§ What you are asked to do
In the records below, find the line holding "- Снимка, Инициали" and the line holding "党委副书记龙希利为学校特色班". Set down both, with every line between them, exactly.

==== Listed records ====

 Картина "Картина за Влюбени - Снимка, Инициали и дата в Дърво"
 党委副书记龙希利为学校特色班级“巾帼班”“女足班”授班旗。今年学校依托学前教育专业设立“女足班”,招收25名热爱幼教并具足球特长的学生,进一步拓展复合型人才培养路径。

====
==== Listed records ====

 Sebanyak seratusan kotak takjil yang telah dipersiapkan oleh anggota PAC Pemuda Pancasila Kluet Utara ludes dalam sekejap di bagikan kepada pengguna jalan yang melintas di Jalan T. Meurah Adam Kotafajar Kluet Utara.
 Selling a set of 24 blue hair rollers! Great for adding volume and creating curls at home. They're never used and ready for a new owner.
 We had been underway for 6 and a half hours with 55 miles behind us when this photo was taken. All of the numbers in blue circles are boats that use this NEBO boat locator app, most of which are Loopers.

====

§ Written response
 Картина "Картина за Влюбени - Снимка, Инициали и дата в Дърво"
 党委副书记龙希利为学校特色班级“巾帼班”“女足班”授班旗。今年学校依托学前教育专业设立“女足班”,招收25名热爱幼教并具足球特长的学生,进一步拓展复合型人才培养路径。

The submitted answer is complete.